■ Dataset section ■
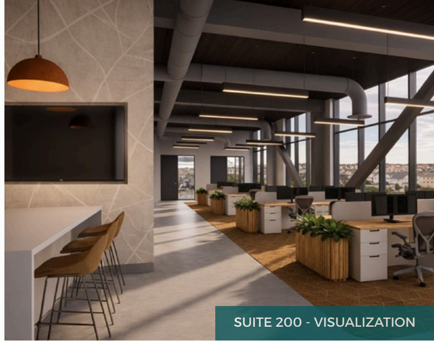
SUITE 200 - VISUALIZATION
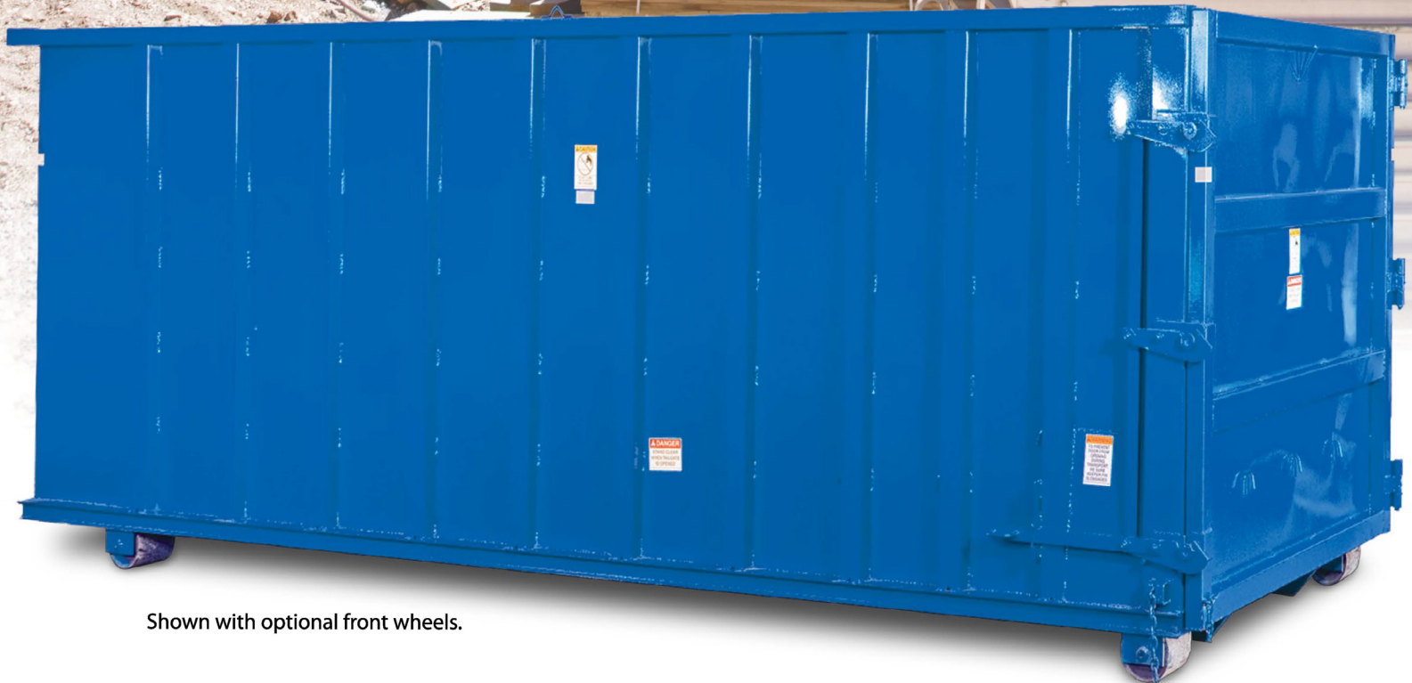
Shown with optional front wheels.
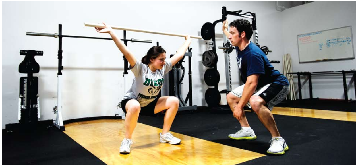
Constant supervision from quality instructors will ensure young athletes correct any faults and train safely.

their muscles and bones. In every farming family, as well as other families whose members did a great deal of physical labor, the sons were always taller and more muscular than their fathers.

■ Problem details ■
Please repeat the lines above from the line containing "Shown with optional front wheels." through the final line, both included, exactly as they stand and without pictures.

■ Exercise result ■
Shown with optional front wheels.
Constant supervision from quality instructors will ensure young athletes correct any faults and train safely.

their muscles and bones. In every farming family, as well as other families whose members did a great deal of physical labor, the sons were always taller and more muscular than their fathers.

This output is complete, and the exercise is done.